# PM45-CNC OWNERS



## zr8cnc (Feb 25, 2014)

I am looking for people who have purchased the cnc version of the PM45  mill from Precision Matthews? I recently purchased the cnc version and i  am having some trouble getting it up and running on the MACH3 software.  Well I have have managed to get all three axis's moving but cannot seem  to turn the spindle on. if you have any input please chime in.

i apologize if you have seen this posted in another part of this forum as it took me a little while to find this section


----------



## Ray C (Feb 25, 2014)

In the latest batch of PM45-CNC mills, a new feature was added -and that is the hand-held Pendant.  Prior to this, the units all worked right out of the box. Many of these machines have been sold but, this is the first batch that comes with the pendant...   Matt has called/emailed the integrator to see if there is an updated profile for Mach 3.  It's also possible the integrator is using an older version of Mach 3.

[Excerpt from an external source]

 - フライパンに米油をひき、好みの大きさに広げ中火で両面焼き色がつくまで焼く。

 Anyhow, almost all done with the re-organization and cleaning of my shop.  I am scrubbing the place from stem to stern.  If all goes well, I will be putting the mill on the base by late Wednesday or Thursday and I'll be looking at this too, very soon.


 Ray


----------



## zr8cnc (Feb 25, 2014)

Ray,

Great to hear that you may be up and running by the end of the week. Hopefully you will be able to shed some light on my issue.


----------



## Ray C (Feb 25, 2014)

zr8cnc said:


> Ray,
> 
> Great to hear that you may be up and running by the end of the week. Hopefully you will be able to shed some light on my issue.

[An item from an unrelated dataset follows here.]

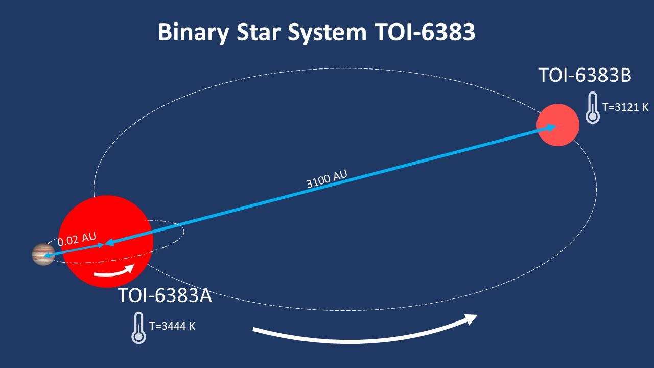A giant star orbits one of the stars in the binary star system TOI-6383. As both stars are dwarf stars, a problem due to the mass budget comes up.

It's a universal issue with this latest unit.  It almost certainly seems to be something related to that pendant.  I wish I could be more interactive in solving it...  Did you try with and without the pendant hooked up?  Also, make sure the connection to the top of the motor is OK.  Check for voltages -and be apprised there is a motor fan and temperature sensor in this setup.  Sometimes, the controllers are working fine but, the external sensors are telling it to not startup.

One fellow had a problem with Z-axis and it turned-out the Z limit switch got monkeyed-up while lifting the machine...

Ray


----------



## zr8cnc (Feb 25, 2014)

i have tried with and without the pendant and still nothing. all the lights light up on the pendent but it seems that the only thing that works  on the pendent is the estop.


----------



## zr8cnc (Feb 26, 2014)

Tonight I plan on checking to see if there is power to the spindle motor. the only problem I have is that I don't know if there should always be power to the spindle motor and it doesn't move unless voltage(RPMS) are increased to make it move or will there not be power unless the mach3 software asking the spindle to be on


----------



## Ray C (Feb 26, 2014)

If all goes well, today I'll put my mill on the base.  The area of the garage where  I want to put the mill cannot accommodate my gantry and it's taken a couple days to pull strings to get the jack I need.    Soon, very soon, I'll be able to dig into this.


Ray


----------